Example 3 – Mod-6 Counter using JK FFs (GATE CS 2020 style)
Question: Design a synchronous mod-6 counter using JK flip-flops. Write the state table and find J, K equations.
State table (3 FFs: Q2Q1Q0, states 6-7 are unused/dont-care):
| State | Q2Q1Q0 | Q2+Q1+Q0+ | J2 K2 | J1 K1 | J0 K0 |
|---|---|---|---|---|---|
| 0 | 000 | 001 | 0 X | 0 X | 1 X |
| 1 | 001 | 010 | 0 X | 1 X | X 1 |
| 2 | 010 | 011 | 0 X | X 0 | 1 X |
| 3 | 011 | 100 | 1 X | X 1 | X 1 |
| 4 | 100 | 101 | X 0 | 0 X | 1 X |
| 5 | 101 | 000 | X 1 | 0 X | X 1 |
| 6 | 110 | XXX | X X | X X | X X |
| 7 | 111 | XXX | X X | X X | X X |
After K-map simplification (using states 6-7 as dont-cares):
J1 = Q0 K1 = Q0
J0 = Q2' K0 = 1
8. Common Mistakes
Mistake 1 – Confusing latch and flip-flop triggering
Error: Saying a D flip-flop outputs D whenever D changes.
Root cause: Confusing the D latch (level-sensitive) with the D flip-flop (edge-triggered).
Fix: A D FF captures D only at the clock edge. Between edges, Q remains constant regardless of D changes.
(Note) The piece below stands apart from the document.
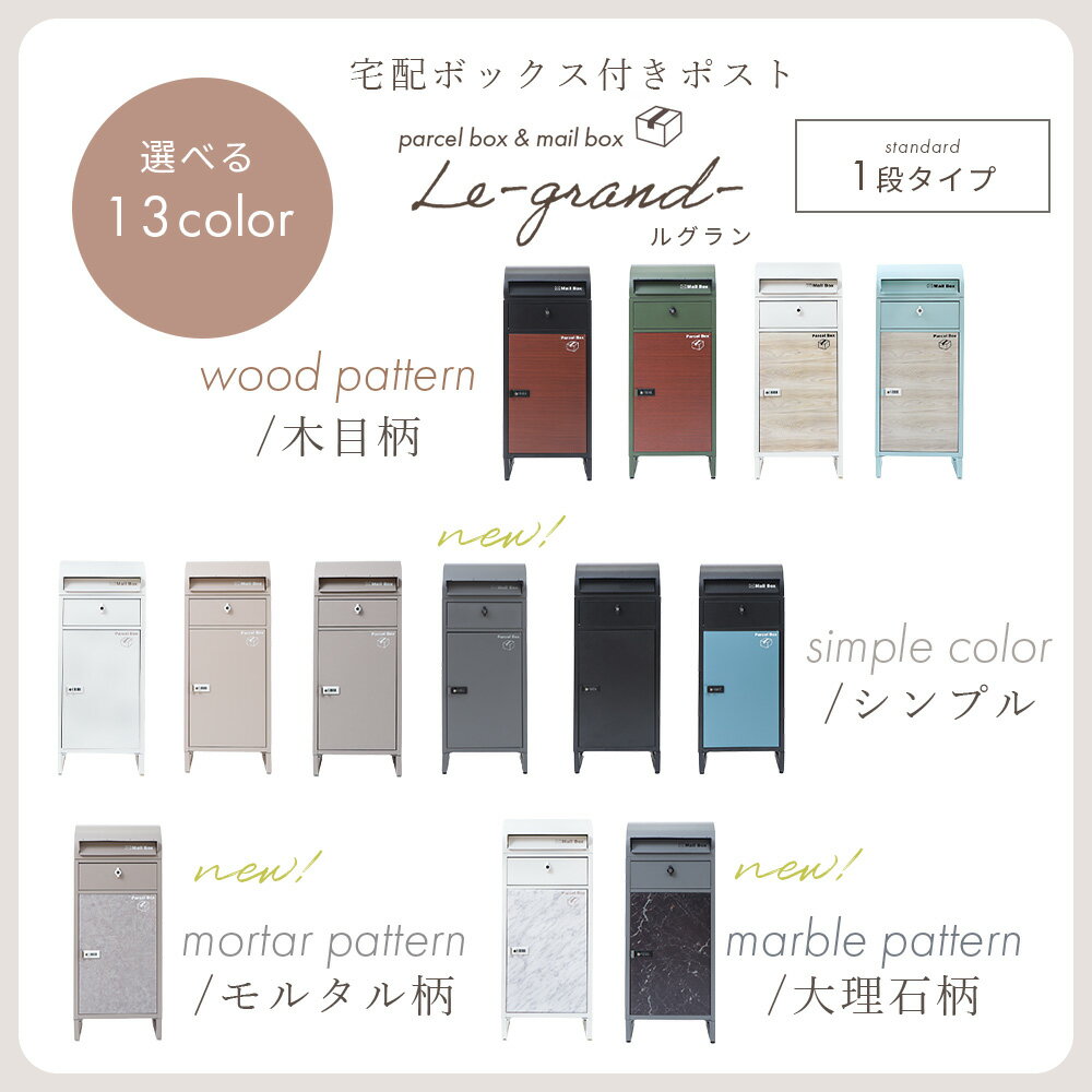 商品について 宅配ボックスと郵便ポストがひとつになった「ルグラン」。ダイヤル式のゼロリターンキーを採用しており、番号が自動でリセットされる仕組みのため防犯性に優れています。郵便受けも宅配ボックスもどちらも大容量で、通販の荷物や郵便物をまとめて受け取れるのが魅力です。 本体にはガルバナイズド処理を施したスチールを使用し、粉体塗装で仕上げています。サビや紫外線に強く、屋外でも安心して長く使えます。印鑑ケースやメッセージプレート、非常用鍵などの付属品も揃っており、使いやすさにもこだわりました。 木目調やモルタル調、大理石調など外観に合わせて選べるデザインを豊富に展開。玄関やエントランスに馴染む落ち着いた雰囲気で、住宅はもちろん、オフィスや店舗にもおすすめの宅配ボックスです。 商品詳細 商品名 宅配ボックス付きポスト【Le-grand-(ルグラン)】1段 ゼロリターンキータイプ 素材 構造部材:金属(鉄)…錆びの発生を抑えるガルバナイズド処理が施されています。 表面加工:粉体塗装 サイズ 【新仕様】 本体外寸:約幅45×奥行35.5×高さ111cm ・メールボックス 投函口:約幅36×高さ4.5cm 取り出し口:約幅35.5×高さ10cm 内寸:約幅44×奥行29.5×高さ36cm ・宅配ボックス 取り出し口:約幅35.5×高さ57cm 内寸:約幅44×奥行29.5×高さ60.5cm 重量 本体:約20kg 生産国 中国 備考 お客様組み立て品 ※説明書はボックス内にございますので到着後にご確認ください。 ・印鑑ケース ・メッセージプレート ・ポスト用鍵×2 ・非常用鍵 ●南京錠は付属しておりません● 【ご使用上の注意】 本製品は完全防水ではございません。 雨天時にはどうしても雨が侵入してしまいますため、屋根のある場所へ設置してください。 また、長時間雨ざらしにしたり日光に当て続けると、変色・錆の原因となります。 より永くご愛用いただくため設置場所・ご使用方法を守っていただき、定期的なお手入れをお願い致します。 ※台風等の悪天候の場合には、屋内の安全な場所へ移動させてください。 【FAQ】こちらの商品の特徴・注意事項について ※必ずお読みください※ ※店舗内の全商品において、サイズ表記は(約)での表記でございます。±1〜2cm程度の誤差は許容範囲内と判断し出荷しておりますので、予めご了承下さい。 ※印鑑はお客様にてご用意ください。ボックス内に印鑑のご用意がない場合、受領印を押せないため配達が完了できません。 ※宅配ボックスおよびボックス内の宅配物の盗難や品質劣化につきましては、一切の責任を負いかねます。予めご了承ください。 ※2022年7月、2023年11月、2024年11月より、お客様の声にお応えし仕様をリニューアルいたしました。 ※商品リニューアル以前のレビュー内容には、現行商品と差異のある内容が含まれております。あらかじめご了承ください。 ※個体差やロット・モニター環境により、色味やサイズが若干異なる場合がございます。予めご了承の上ご注文くださいませ。 組立について 【脚の取り付けについて 】 脚のお取り付けを頂く際は、全てのボルトを一度仮止め程度につけて頂き 外側のボルトより順に様子を見ながら締めて頂きますようお願いいたします。 この際に、脚が本体フレームに対して真っすぐと固定されておりますことをご確認ください。 真っすぐと固定されておりましたら、左右内側2点のボルトは固定する程度に軽く止めて頂きますようお願い致します。 (※左右内側2点のボルトを強く締めすぎますと、本体の構造上、脚が内側に傾きやすくなってしまいます。) メーカー希望小売価格について メーカー希望小売価格はメーカーカタログに基づいて掲載しています よく検索されるキーワードポスト一体型 宅配ボックス 宅配ポスト 置き型 補助金 スタンドポスト ダイヤル式 ダイヤルロック オシャレ 北欧 一戸建て用 郵便ポスト かわいい スタンドポスト 後付けポスト クロネコ 置き型ポスト 置き配 ダイヤルロック 工事不要 ポスト スタンド 自立型ポスト メールボックス 回覧板が入る A4対応 雑誌掲載 デザイン シンプル 防犯対策 転倒防止 ダイヤル式 施錠 住宅誌紹介 雑誌掲載 新築祝い アンカー穴 黒 ブラック 表札 開店祝い ヤマソロ 楽天ランキング デザイン 助成 ブラック ベージュ カーキ グリーン ブルー ホワイトカラーバリエーション 商品詳細 商品名 宅配ボックス付きポスト【Le-grand-(ルグラン)】1段 ゼロリターンキータイプ 素材 構造部材:金属(鉄)…錆びの発生を抑えるガルバナイズド処理が施されています。 表面加工:粉体塗装 サイズ 本体外寸:約幅45×奥行35.5×高さ104.5cm ・メールボックス 投函口:約幅36×高さ4.5cm 取り出し口:約幅35.5×高さ9.5cm 内寸:約幅44×奥行29.5×高さ34cm ・宅配ボックス 取り出し口:約幅35.5×高さ50.5cm 内寸:約幅44×奥行29.5×高さ56cm 【新仕様】 本体外寸:約幅45×奥行35.5×高さ111cm ・メールボックス 投函口:約幅36×高さ4.5cm 取り出し口:約幅35.5×高さ10cm 内寸:約幅44×奥行29.5×高さ36cm ・宅配ボックス 取り出し口:約幅35

A D latch is transparent when EN=1.
Mistake 2 – Using SR FF with S=R=1
Error: Applying S=R=1 to an SR flip-flop and expecting a defined output.
Root cause: Not recognising the forbidden state.
Fix: Add constraint SR=0 to all SR FF designs. Use JK FF if toggling is needed – it handles J=K=1 by toggling.
Mistake 3 – Wrong excitation table lookup
Error: Confusing the truth table (what output do I get for given inputs?) with the excitation table (what inputs do I need to achieve a desired transition?).
Root cause: The two tables look similar but answer different questions.
Fix: Excitation table rows are (Q, Q+) pairs. For each row in your state table, look up the required FF inputs. Then use K-maps on those FF inputs.
Mistake 4 – Mod-N counter state detection error
Error: Detecting the wrong state for the asynchronous reset method. For mod-6, detecting state 7 (111) instead of state 6 (110).
Root cause: Using the highest unused state (2k-1) instead of N.
Fix: The reset must trigger on state N (the first forbidden state after N-1). Convert N to binary and AND all the 1-bits. For mod-6: 6=110, AND Q2 and Q1 (not Q0).
Mistake 5 – Ripple counter frequency limit calculation
Error: Calculating the maximum clock frequency of a ripple counter as 1/tFF instead of 1/(n × tFF).
Root cause: Forgetting that all n flip-flops contribute to the worst-case delay.
Fix: The worst-case is when all bits toggle (e.g., 0111 → 1000). All n FFs must settle before the next clock edge. fmax = 1/(n × tFF + tsetup).
9. Frequently Asked Questions
What is the difference between a latch and a flip-flop?
A latch is level-sensitive – it changes output while the enable is asserted. A flip-flop is edge-triggered – it captures input only at the clock edge and holds the value until the next edge. Flip-flops are used in synchronous design because they provide predictable, clock-controlled state transitions.
What is an excitation table and how is it different from a truth table?
A truth table for a flip-flop shows Q(t+1) given Q(t) and inputs. An excitation table inverts this: given Q(t) and desired Q(t+1), it shows the required inputs. Excitation tables are used in sequential design to determine what combinational logic must drive each FF input to achieve the desired state sequence.
What is the difference between synchronous and asynchronous counters?
In a synchronous counter, all FFs share the same clock and change state simultaneously – faster, no glitches, but needs more complex input logic. In an asynchronous (ripple) counter, each FF is clocked by the previous FF output – simpler but slower due to cumulative propagation delays. For GATE CS, know both designs and their delay equations.
How do you design a mod-N counter?
Method 1 (synchronous): Write the N-state table, apply excitation table for chosen FF, simplify input equations with K-maps. Method 2 (asynchronous reset): Use a 2k-bit binary counter, detect state N with a NAND gate on the 1-bits of N, connect to CLR of all FFs. The counter briefly enters state N then resets – a glitch-reset approach.